ParallelSSH / ssh2-python

Python bindings for libssh2 C library.
https://parallel-ssh.org
GNU Lesser General Public License v2.1
228 stars 70 forks source link

Greatly speed up sftp_write example for non-trivial files #161

Closed JacobCallahan closed 2 years ago

JacobCallahan commented 2 years ago

This change loads the entire file into memory and sends that to the sftp file handler's write. The effect of this is a single call to write instead of many. This greatly speeds up the overall sftp write at the expense of loading the entire file into memory.

In the screenshot below we have two test runs on a 3.8MB file from before the change and two test runs after the change.

Screenshot from 2021-11-05 09-46-24

JacobCallahan commented 2 years ago

Also, I think this is the true resolution of #66 @mflage

mflage commented 2 years ago

Also, I think this is the true resolution of #66 @mflage

I haven't tested, as I've moved on to different ways of implementing this. But wouldn't loading the entire file in memory be an issue if:

1) the file is bigger than the available memory+swap? 2) the file is so big that just the time to read it into memory would be a bottleneck in itself?

Regarding 2. From reading the commit, it seems like this reads the whole file into memory and then connects and starts uploading. So that's basically time wasted.

JacobCallahan commented 2 years ago

I haven't tested, as I've moved on to different ways of implementing this. But wouldn't loading the entire file in memory be an issue if:

  1. the file is bigger than the available memory+swap?

Yes. The person using this example would need to ensure it isn't being used for files large enough to consume all available memory.

  1. the file is so big that just the time to read it into memory would be a bottleneck in itself?

The read time is effectively constant, so it isn't a bottleneck.

Regarding 2. From reading the commit, it seems like this reads the whole file into memory and then connects and starts uploading. So that's basically time wasted.

I'd consider it less wasteful because it not only reduces the amount of time that a file handler is open, but also reduces the amount of time that the connection is active. This is true not just syntactically but from a pure performance aspect.

pkittenis commented 2 years ago

Thanks for the interest and PR.

Loading the entire file into memory is not sustainable, nor will it work for all files. A large enough file will eventually exhaust available memory.

There is already a buffering parameter on open. The code should be setting that to a larger buffer size if it wants to read larger sizes. It is a trivial change to the example.

The actual implementation in parallel-ssh already sets a large buffer on open which should be used instead.

JacobCallahan commented 2 years ago

Loading the entire file into memory is not sustainable, nor will it work for all files. A large enough file will eventually exhaust available memory.

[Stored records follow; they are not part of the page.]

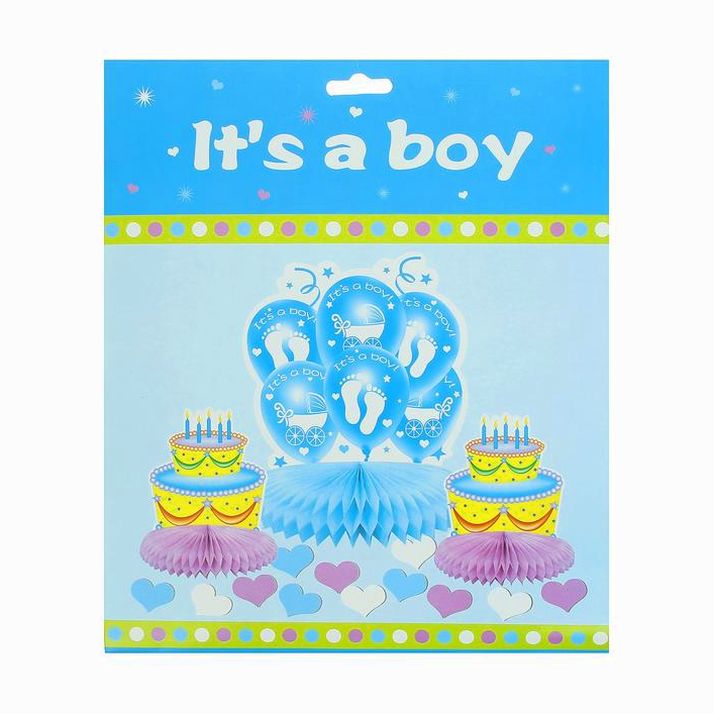 Бумажное украшение для стола «С рождением малыша», тортики, сердечки, набор 3 шт. (№1236914).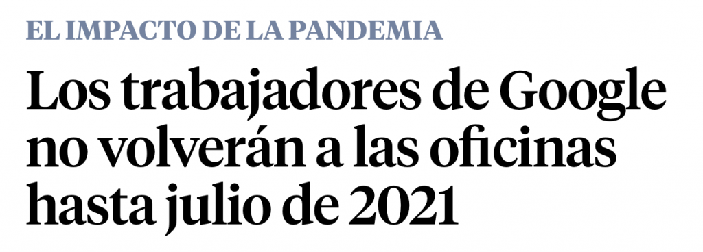 El tiempo dirá si esta tendencia se revierte o no, pero está claro que esta noticia pone en entredicho conceptos como los polos digitales o parques tecnológicos. Y si no, que se lo digan a Google, que ya anunció hace meses que el teletrabajo se extiende hasta verano de 2021.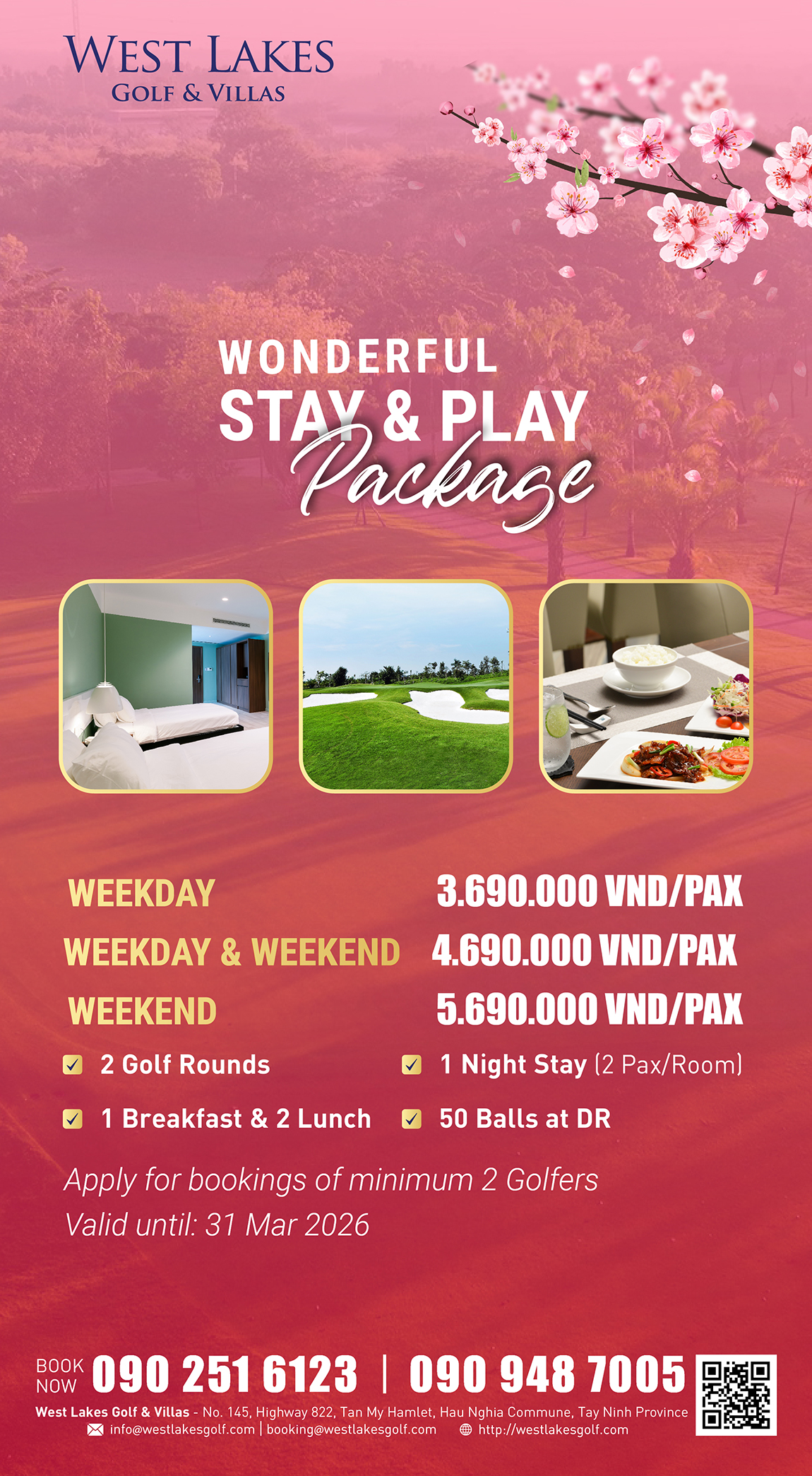 Tận hưởng kỳ nghỉ tuyệt vời kết hợp trải nghiệm golf đẳng cấp tại West Lakes Golf & Villas – nơi mang đến cho golfer sự thư giãn trọn vẹn và những cú swing đầy cảm hứng!
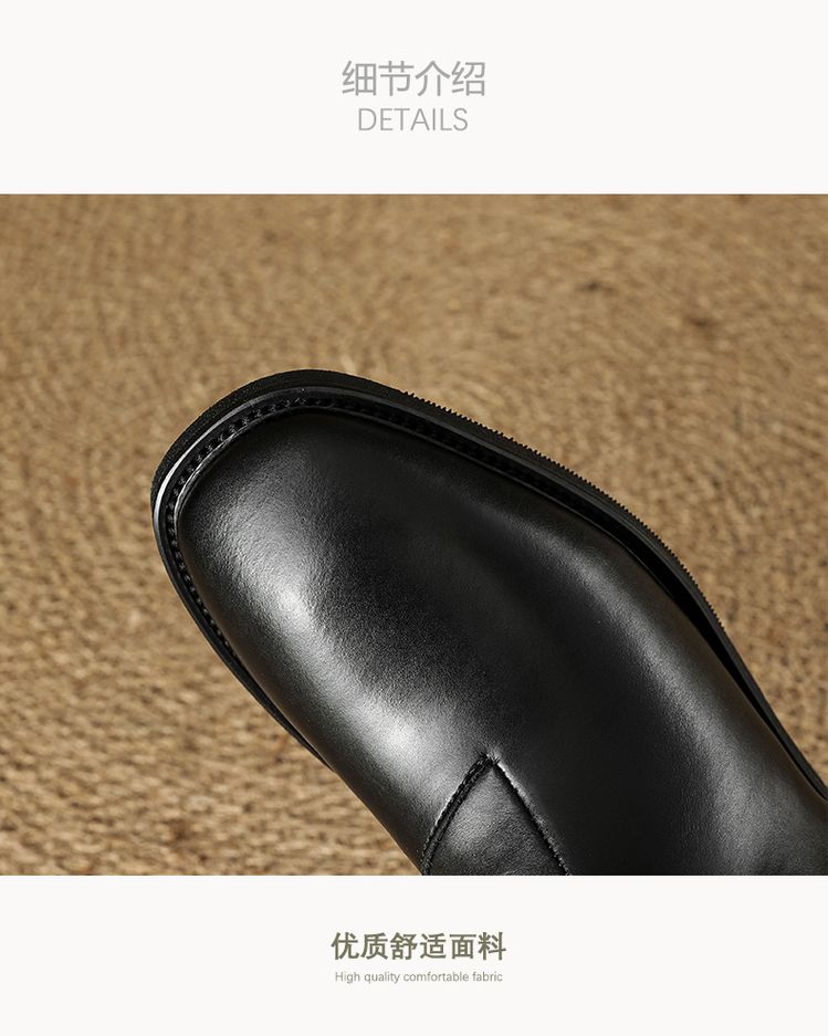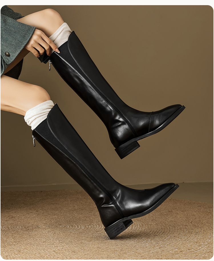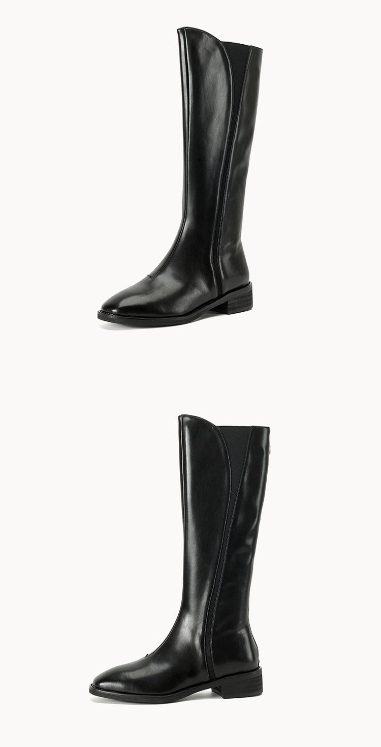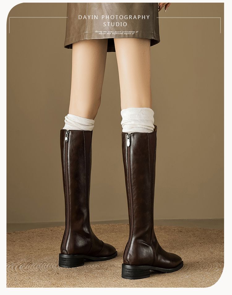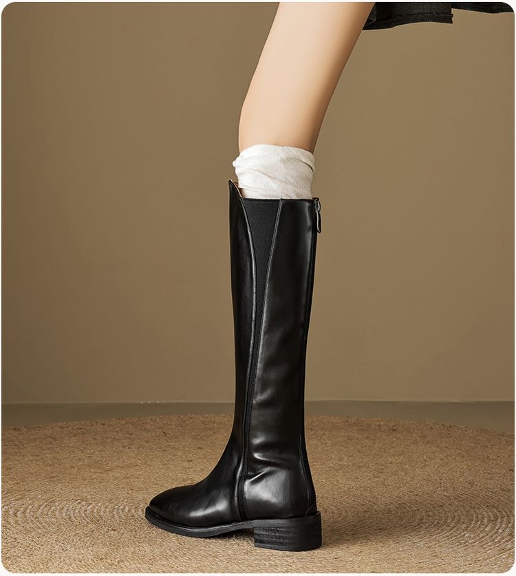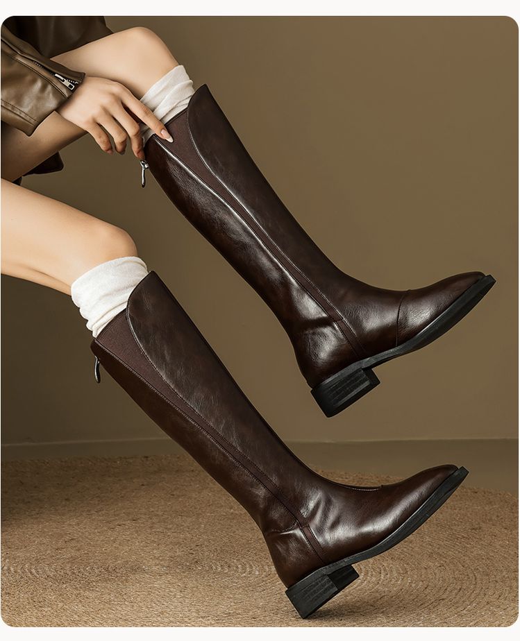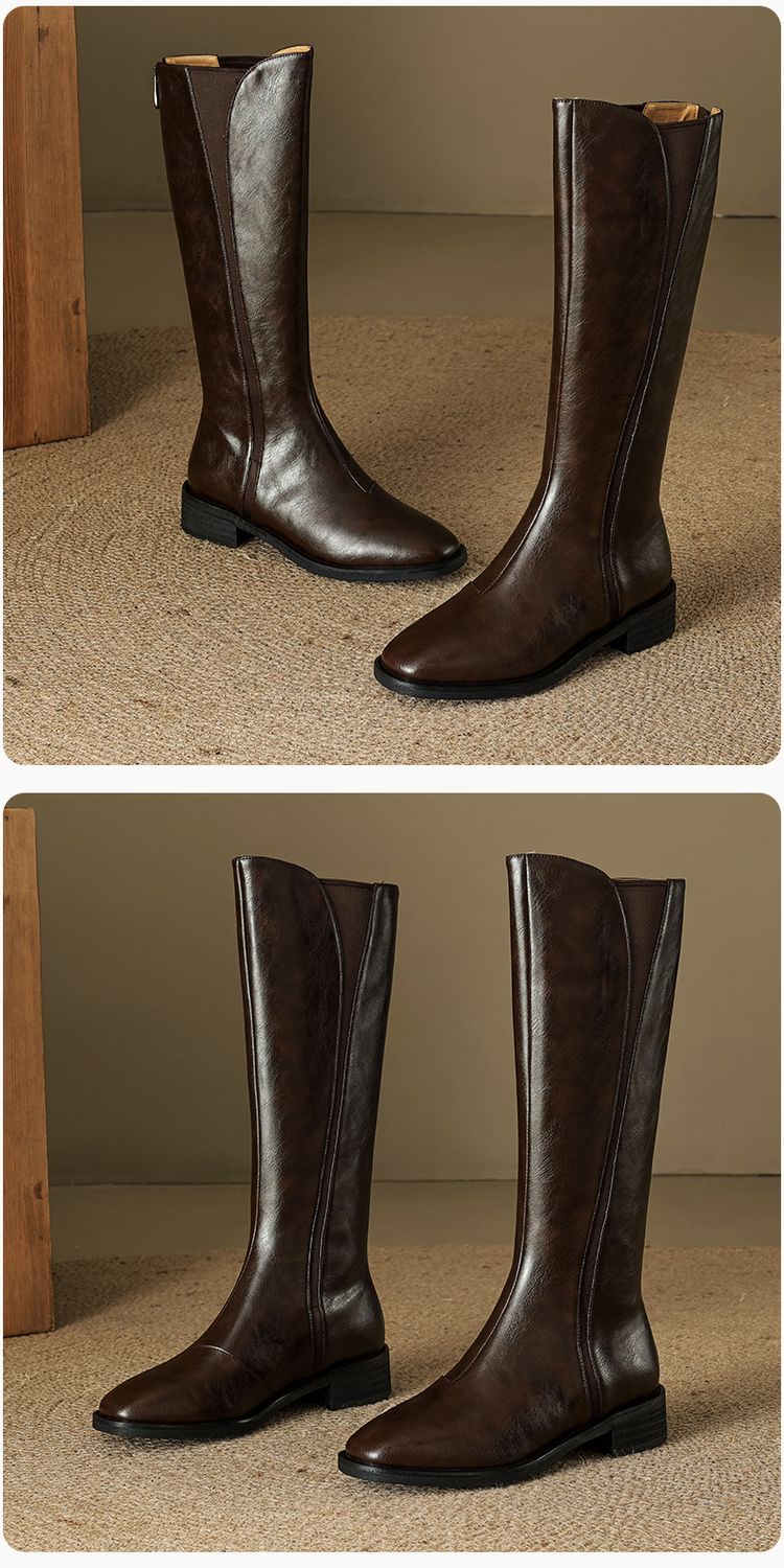 【预售7天】全牛皮拼接圆头高筒骑士靴女秋冬真皮长筒靴棕色不过膝长靴HB&9996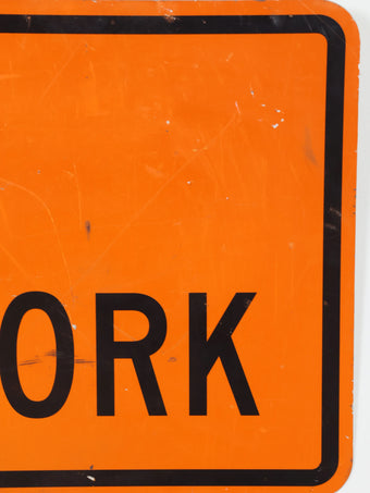 実際に道路工事現場で使用されていた案内用サインで、オレンジベースにブラックレタリングを配した、高い視認性を誇るロードサイン。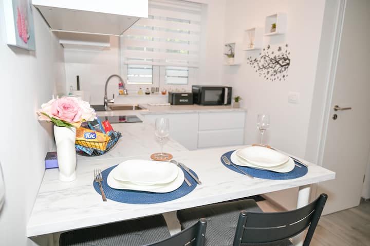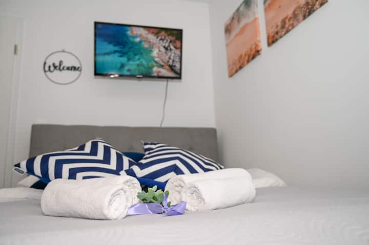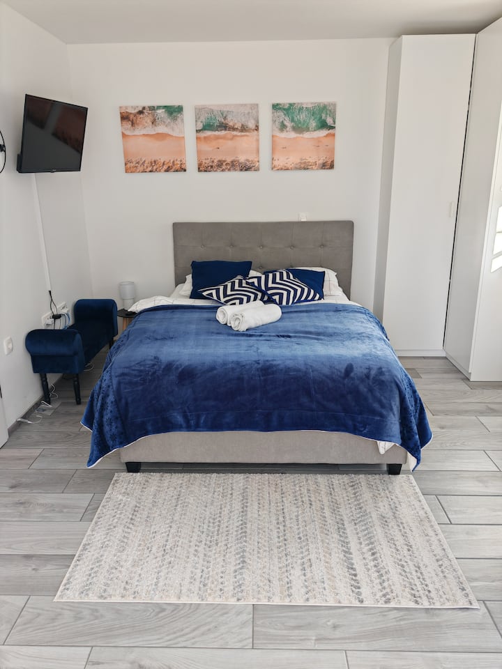 ห้องพักสีฟ้าพร้อมที่จอดรถฟรี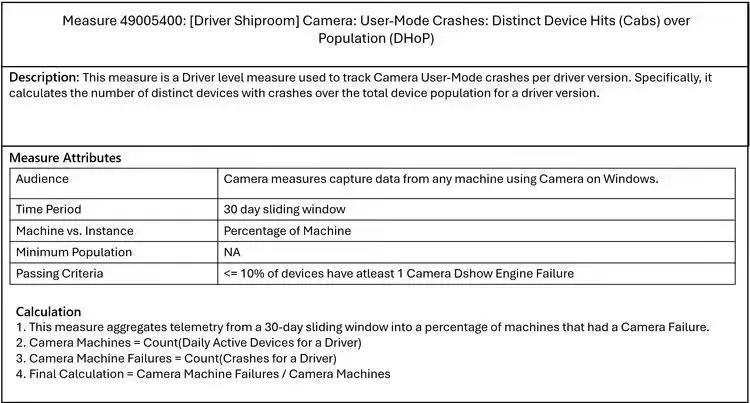 摄像头:用户模式崩溃:独立设备命中数 / 总体数量(Camera: User-Mode Crashes: Distinct Device Hits (Cabs) over Population (DHoP)):指标 ID 49005400,通过统计摄像头用户模式崩溃的独立设备命中数与总体数量的比值,评估摄像头的稳定性和可靠性。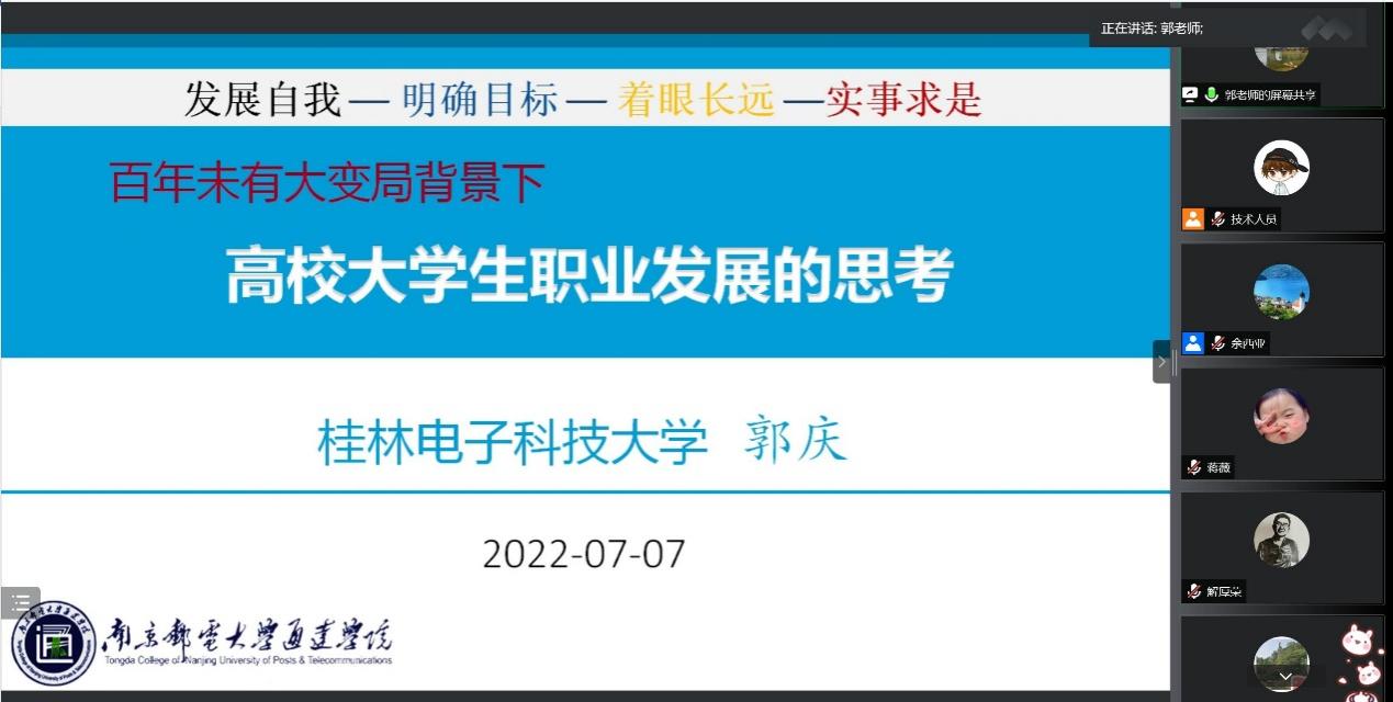全国模范教师、桂林电子科技大学电子工程与自动化学院郭庆教授做“百年未有大变局背景下高校大学生职业发展的思考”主题报告。郭庆教授从为什么、考什么、做什么三个问题出发,理论结合实际,告诉同学们考研是个人发展的最佳路径之一、适合自己就是最好选择以及服务国家才是最优发展的道理。郭教授通过分享典型案例,勉励通达学子,努力就能改变命运,不仅鼓舞了同学们的士气,也增强了大家考研的信心。

Correct, and it shouldn't be up to you/ssh2-python to ensure people don't burst that limit. However, if you don't go with this implementation, then perhaps a note on the impact of the current method would help future users.

There is already a buffering parameter on open. The code should be setting that to a larger buffer size if it wants to read larger sizes. It is a trivial change to the example.

Again correct and again a valid alternative to the suggested changes in this PR. For those concerned about large file sizes, a larger buffer size would help in the case where you iterate over that buffer size. This would still, in effect, be slower than my version but more memory-friendly. In the current example, it relies on python's default line-based buffer size. When the current example was used on my test file [3.8MB over 29,888 lines], you can see just how slow the transfer was.

The actual implementation in parallel-ssh already sets a large buffer on open which should be used instead.

I'm not sure how many people use ssh2-python directly over parallel-ssh (like myself) that wouldn't see that version, but that would again be an improvement over the current example.

Basically, I'm fine with any way you would like to proceed as long as the example is updated to make it clear that small buffers would result in a drastic performance drop. I love this library and actively push it over paramiko :D [1]. I would just hate if someone used this example on a file similar to my test file and concluded that it is worse than the transfer speeds they would see when using paramiko or other alternative libraries.

[1] - https://www.youtube.com/watch?v=65wMDwsqF6w

pkittenis commented 2 years ago

Use parallel-ssh.

If you really really want to use this library, prepare to write a whole lot of code, and find ways to improve performance beyond what is offered by libssh2 alone.

Will update example separately. This is not the right approach and will create other bugs.